Our data demonstrated that the vegan sera treatment of both H9c2 and H-H9c2 cells induced an increase of TBARS value, markers of lipid peroxidation compared to vegetarian and omnivorous sera. Increased lipid peroxidation may be due to high doses of antioxidant molecules, vitamin C, vitamin E, and carotenoids present in the vegan diet, and may cause toxicity and also show pro-oxidant activity (Bouayed & Bohn, 2010). Moreover, we observed a significant decrease of free nitric oxide in the medium of vegan and vegetarian sera treated H-H9c2 cells with a concomitant increase of cell death compared to omnivorous sera. Under cellular oxidative stress conditions, the amount of diffusible free NO decreased because it was transformed in peroxynitrite (ONOO−), when it reacted with superoxide radicals.
The peroxynitrite damages lipids, proteins and nucleic acids by inducing apoptotic cell death (Chung, Pae, Choi, Billiar, & Kim, 2001). Studies by Levrand et al. (2007) demonstrated that homocysteine induces cell death in H9c2 cells through peroxynitrite generation. According to this report we supposed a potential involvement of the homocysteine in regulating the balance between NO and peroxynitrite, as it was increased in both vegan and vegetarian serum compared to cells treated with omnivorous serum. Moreover, we have evaluated the ability of three different sera to induce H9c2 differentiation by confocal microscopy. The image of omnivorous sera treated H9c2 cells showed an elongated morphological organization, compared to vegetarian and vegan sera treated cells with a plus fine and minus elongated form. Furthermore, the hydrogen peroxide pre-treatment of H9c2 cells induced: 1) a fine fibers organization in omnivorous sera treated cells; and 2) reduction in size and rounding up of vegan and vegetarian treated cells. These data demonstrated that the omnivorous sera have major antioxidant and differentiation properties compared to vegetarian and vegan sera. Finally, the influence of the omnivorous, vegetarian, and vegan sera on MAPKs pathway was evaluated. MAPKs are serine/threonine protein kinases involved in cellular proliferation, differentiation, and death (Di Domenico & Giordano, 2017). Activation of ERK1/2 in response to H2O2 is mediated through Ras/Raf1/Mek pathway and may promote inflammation and result in cellular necrosis (Cagnol & Chambard, 2010). The ERK expression and its active form (pERK) increased in vegetarian and vegan sera treated H-H9c2 cells. A growing number of studies suggests that several compounds present in foods consumed by vegetarians and vegans, such as resveratrol and quercetin, can promote cell death by ERK activation (Kim, Lee, Jeong, Guo, & Lee, 2008; Shih, Davis, Lin, & Davis, 2002).

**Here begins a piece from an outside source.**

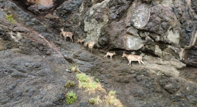 Narman yolu üzerindeki Damlıca Yaban Hayatı Koruma Sahası'nda yaban keçileri görüntülendi. Hem doğaseverlerin dronla kayda aldığı hem de yoldan geçen sürücülerin cep telefonlarıyla çekim yaptığı yaban keçileri, doğal yaşamın güzelliğini bir kez daha gözler önüne serdi.

Our study in vitro demonstrates the beneficial effect of omnivorous sera treatment on: 1) cellular proliferation; 2) lipid peroxidation; 3) extracellular free NO production; and 4) morphological organization of both H9c2 and H-H9c2 cells. Relying on these results, we concluded that the long-term consumption of restrictive vegan diet, if not adequately integrate with intake of necessary and protective nutrients, can't neither protect and prevent oxidative damage nor can't inhibit chronic diseases and maintain an healthy biological system.